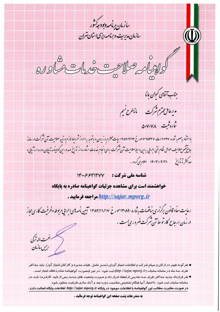 مهندسین مشاور مانا طرح نسیم از سال 1395 در زمینه مطالعات، طراحی و نظارت پروژه‌های زیرساخت جاده‌ای شامل آزادراه، بزرگراه، راه و پل فعالیت می‌کند. این مجموعه دارای گواهی صلاحیت پایه 3 راهسازی از سازمان برنامه و بودجه است.
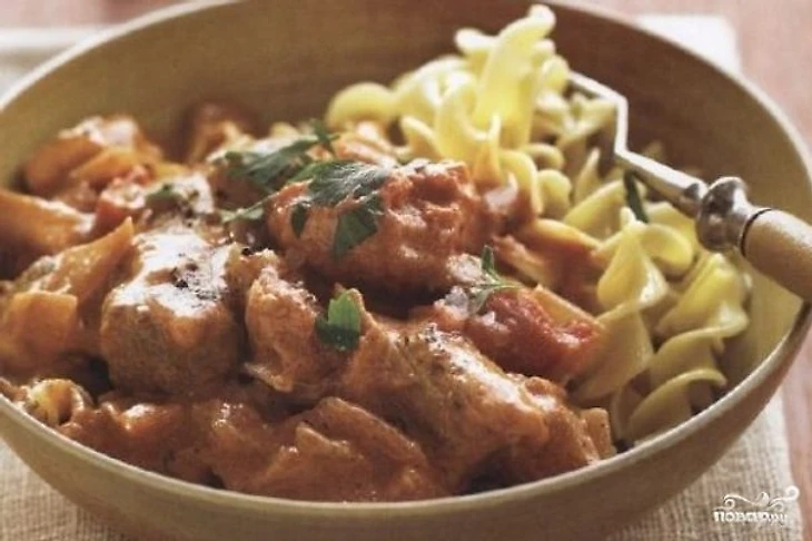 А за нас сегодня играют для приготовления нашего изыска нам понадобится: Московский "СпОртак" - 1 штука, Луковица - 1 штука, Чеснок - 2 зубчика, Мясо (азаза) - 800 грамм, Растительное масло - 3 столовые ложки, Томатная паста - 3 столовые ложки, Масло сливочное - 50 грамм, Мука - 1 столовая ложка, Макароши - на глаз, вода, соль/перец.
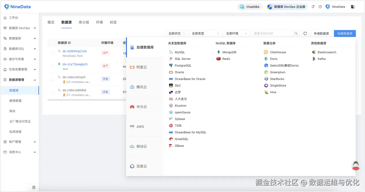 首先,你可以把企业的数据源都录入到 NineData 平台,一站式管理您的各类数据源,无需再使用多款零散的数据库管理工具,比如客户端、命令行工具等。NineData 提供统一的界面和操作方式,让你能够统一管理不同类型的数据源,无论是关系型数据库、NoSQL 数据库还是数据仓库。
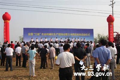 8月29日,农业部在山东济南召开全国“三秋”农业机械化生产现场会,同时举行全国玉米跨区机收启动仪式。100余台高性能玉米联合收割机奔赴全国各地玉米机收主战场。此举标志着全国“三秋”农业机械化生产的大幕正式拉开。九三学社中央副主席、农业部副部长张桃林出席会议并讲话。
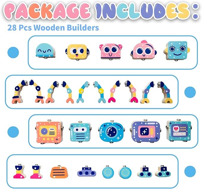 - Creativity Kids Toys: This STEM toy set contains 28 pieces of wooden blocks. Kids can randomize the head, arms, body, and legs to create cool robots! Completed creations bring a sense of accomplishment.
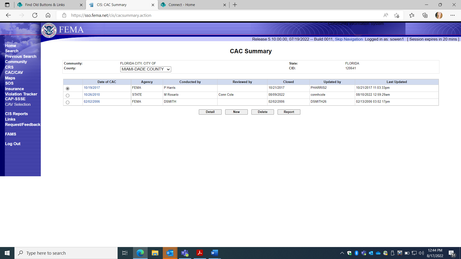 DETAIL: Loads Previous entered CAC Information Collection
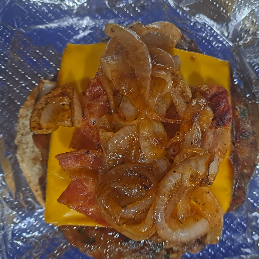 Carne sirloin, queso amarillo, tocino, salsa BBQ, cebolla caramelizada.
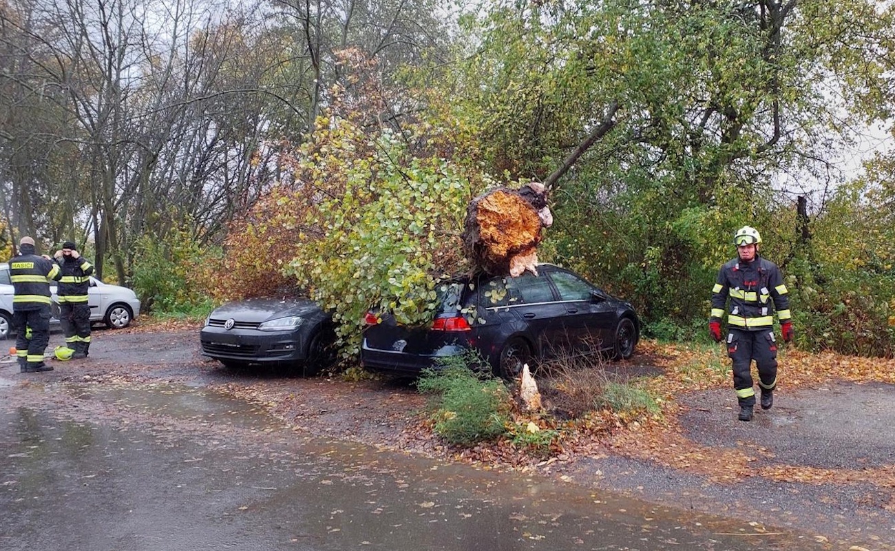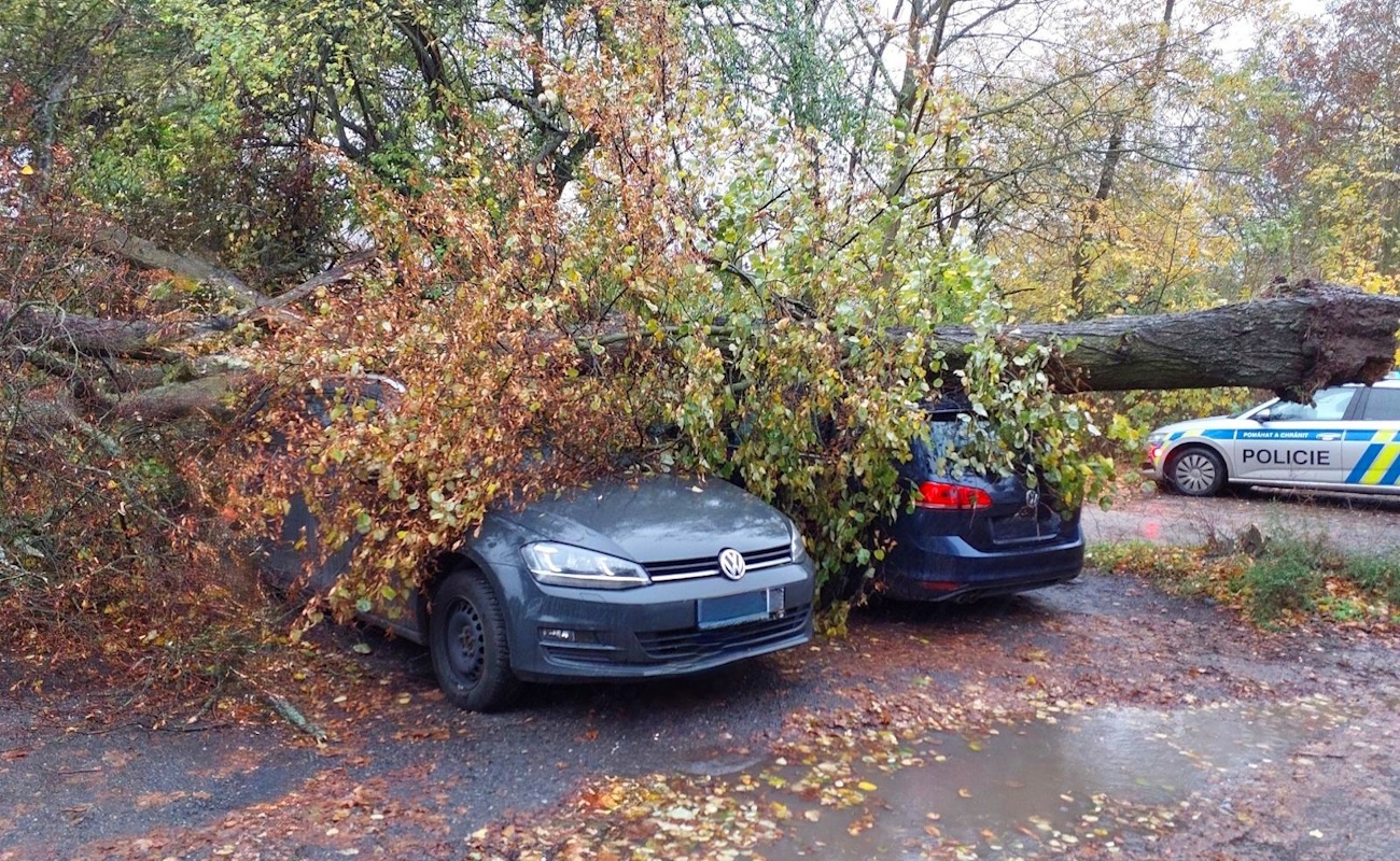 Například v Karlových Varech - Rybářích poškodil vyvrácený strom v Buchenwaldské ulici tři osobní auta.
- - - - - - -
**What is being asked**
Retype every entry above exactly and, please, skip the pictures.

**Written answer**
 مهندسین مشاور مانا طرح نسیم از سال 1395 در زمینه مطالعات، طراحی و نظارت پروژه‌های زیرساخت جاده‌ای شامل آزادراه، بزرگراه، راه و پل فعالیت می‌کند. این مجموعه دارای گواهی صلاحیت پایه 3 راهسازی از سازمان برنامه و بودجه است.
 А за нас сегодня играют для приготовления нашего изыска нам понадобится: Московский "СпОртак" - 1 штука, Луковица - 1 штука, Чеснок - 2 зубчика, Мясо (азаза) - 800 грамм, Растительное масло - 3 столовые ложки, Томатная паста - 3 столовые ложки, Масло сливочное - 50 грамм, Мука - 1 столовая ложка, Макароши - на глаз, вода, соль/перец.
 首先,你可以把企业的数据源都录入到 NineData 平台,一站式管理您的各类数据源,无需再使用多款零散的数据库管理工具,比如客户端、命令行工具等。NineData 提供统一的界面和操作方式,让你能够统一管理不同类型的数据源,无论是关系型数据库、NoSQL 数据库还是数据仓库。
 8月29日,农业部在山东济南召开全国“三秋”农业机械化生产现场会,同时举行全国玉米跨区机收启动仪式。100余台高性能玉米联合收割机奔赴全国各地玉米机收主战场。此举标志着全国“三秋”农业机械化生产的大幕正式拉开。九三学社中央副主席、农业部副部长张桃林出席会议并讲话。
 - Creativity Kids Toys: This STEM toy set contains 28 pieces of wooden blocks. Kids can randomize the head, arms, body, and legs to create cool robots! Completed creations bring a sense of accomplishment.
 DETAIL: Loads Previous entered CAC Information Collection
 Carne sirloin, queso amarillo, tocino, salsa BBQ, cebolla caramelizada.
 Například v Karlových Varech - Rybářích poškodil vyvrácený strom v Buchenwaldské ulici tři osobní auta.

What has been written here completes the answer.